Court Denies Motions For Summary Judgment In Derivative Action

On September 9, 2025, in 111 West 57th Investment LLC v. 111 W57 Mezz Investor LLC, Index No. 655031/2017, Justice Joel M. Cohen denied defendant’s motion for summary judgment and also denied plaintiff’s motion for partial summary judgment as to liability.  The Court explained: 

Plaintiff argues that Defendant violated the Pledge Agreement’s implied covenant of good faith and fair dealing through the purportedly sham strict foreclosure by arbitrarily exercising its discretion under the Pledge Agreement to notice a UCC strict foreclosure for the sole purpose of stealing the value of 111 West 57th Mezz 1 LLC’s equity by suborning its managers, Michael Stern and Kevin Maloney. Plaintiff argues that this breach is demonstrated by the fact that Sponsor refused to object to a proposed Strict Foreclosure, and that after the Strict Foreclosure was consummated Plaintiff’s equity was removed from the capital structure, all other equity investors had their equity “carried over,” and therefore the existing equity owners, including Defendant, were able to raise capital needed to cure significant shortfalls for the project by selling off Plaintiff’s equity. Plaintiff also point[s] to the fact that Stern and Maloney reentered the ownership structure of the Project through entities that they owned and/or controlled and became permanent construction managers and/or developers of the Project.

In response, Defendant argues that Stern and Maloney only declined to object to the Strict Foreclosure proposal because they feared that a UCC auction would result in a deficiency, and because by objecting without a good faith basis to believe they could either cure the default or that a sale would generate a surplus, they would be held personally liable for the deficiency under their guaranty. However, Defendant has not eliminated issues of material fact.
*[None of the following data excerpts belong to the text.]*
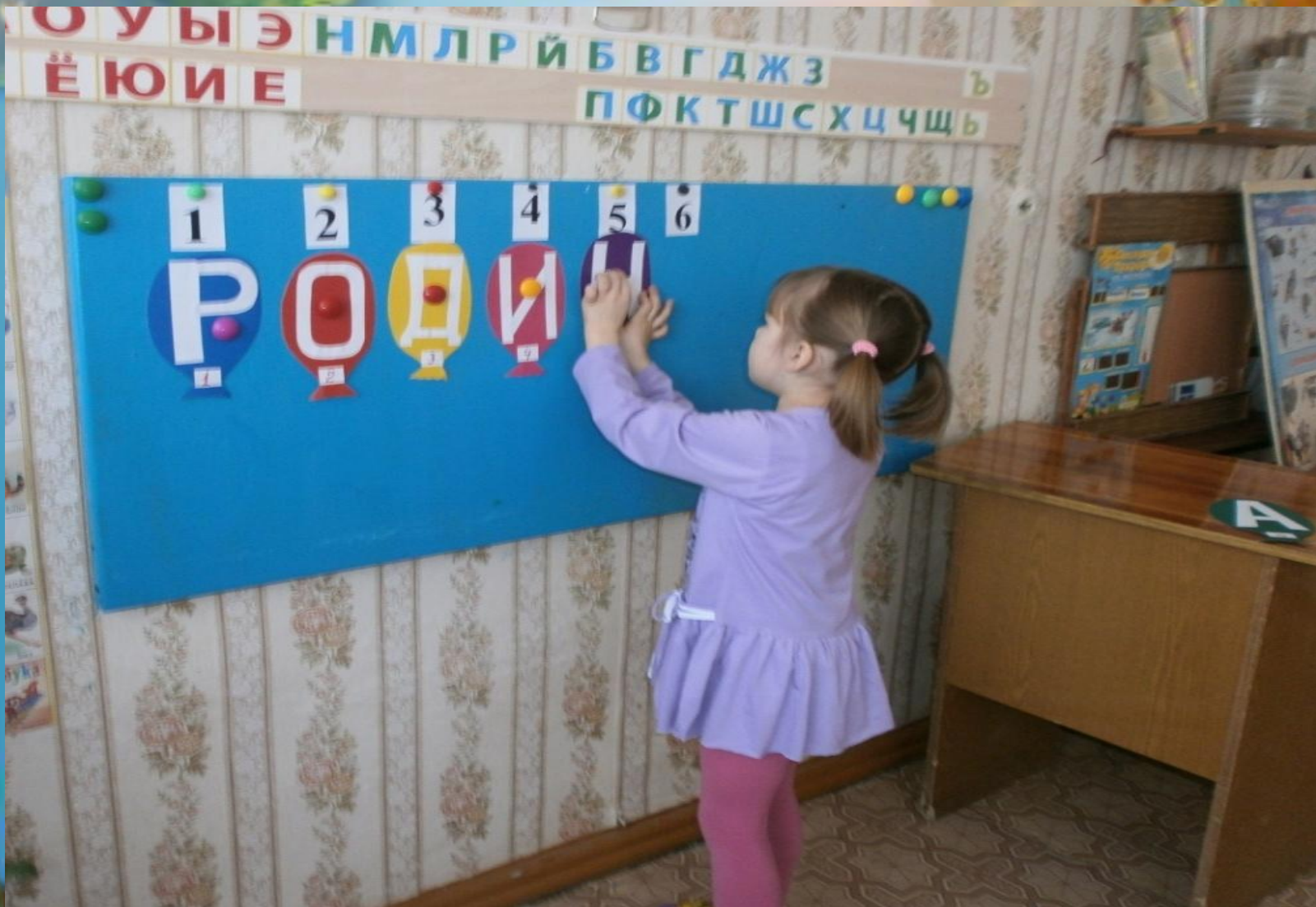
Дидактическая игра «Составь слово»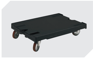
Transportroller für Behälter 800 x 600 mm L 800 x B 600 x H 198 mm 43-1150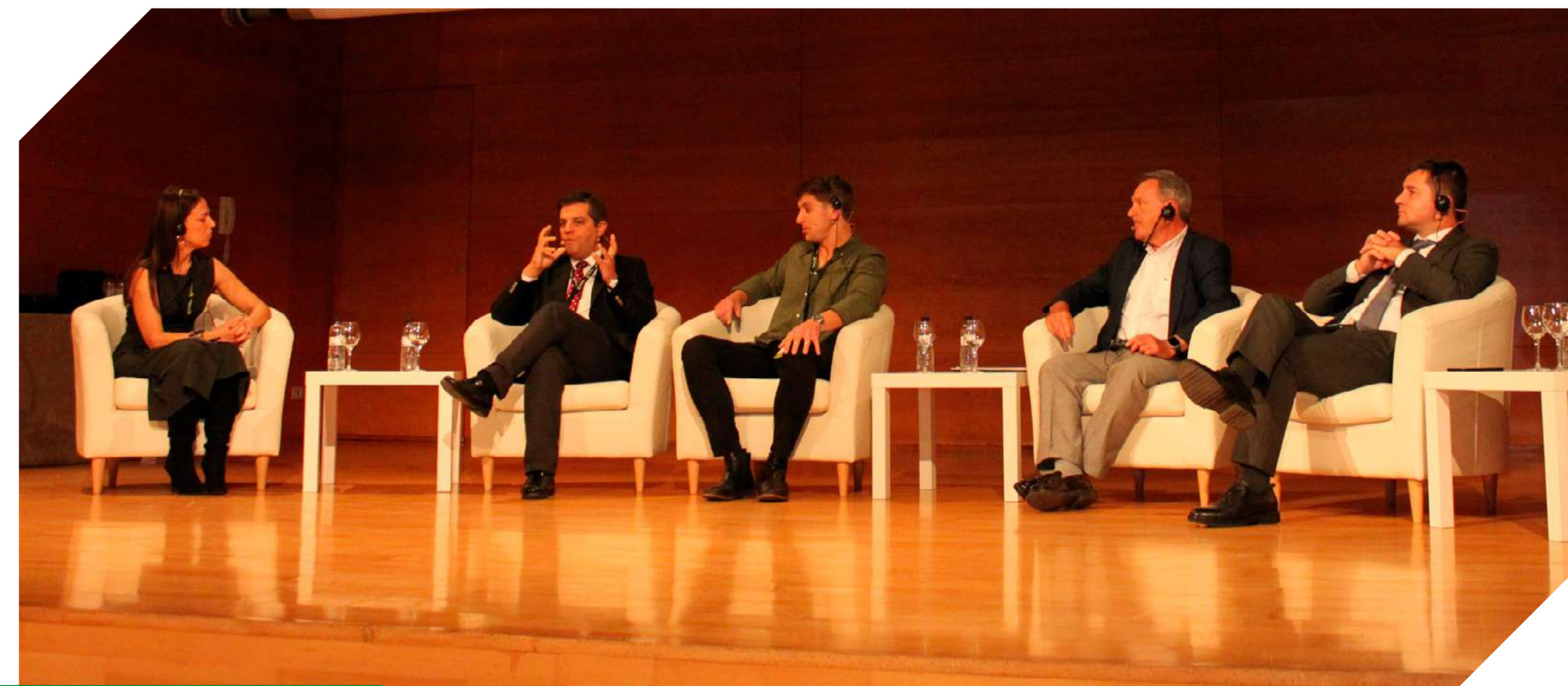
Segunda mesa redonda centrada en el papel de las cooperativas.

It may be true, as Defendant argues, that these facts in insolation are not sufficient to prove a breach of the implied covenant. However, when taken together, the evidence demonstrates at the very least an issue of fact as to whether Defendant suborned Stern and Maloney not to object to the strict foreclosure. Thus, the parties’ motions for summary judgment are denied.

Contact the Commercial Division Blog Committee at commercialdivisionblog@schlamstone.com if you or a client have questions concerning the implied covenant of good faith and fair dealing or summary judgment.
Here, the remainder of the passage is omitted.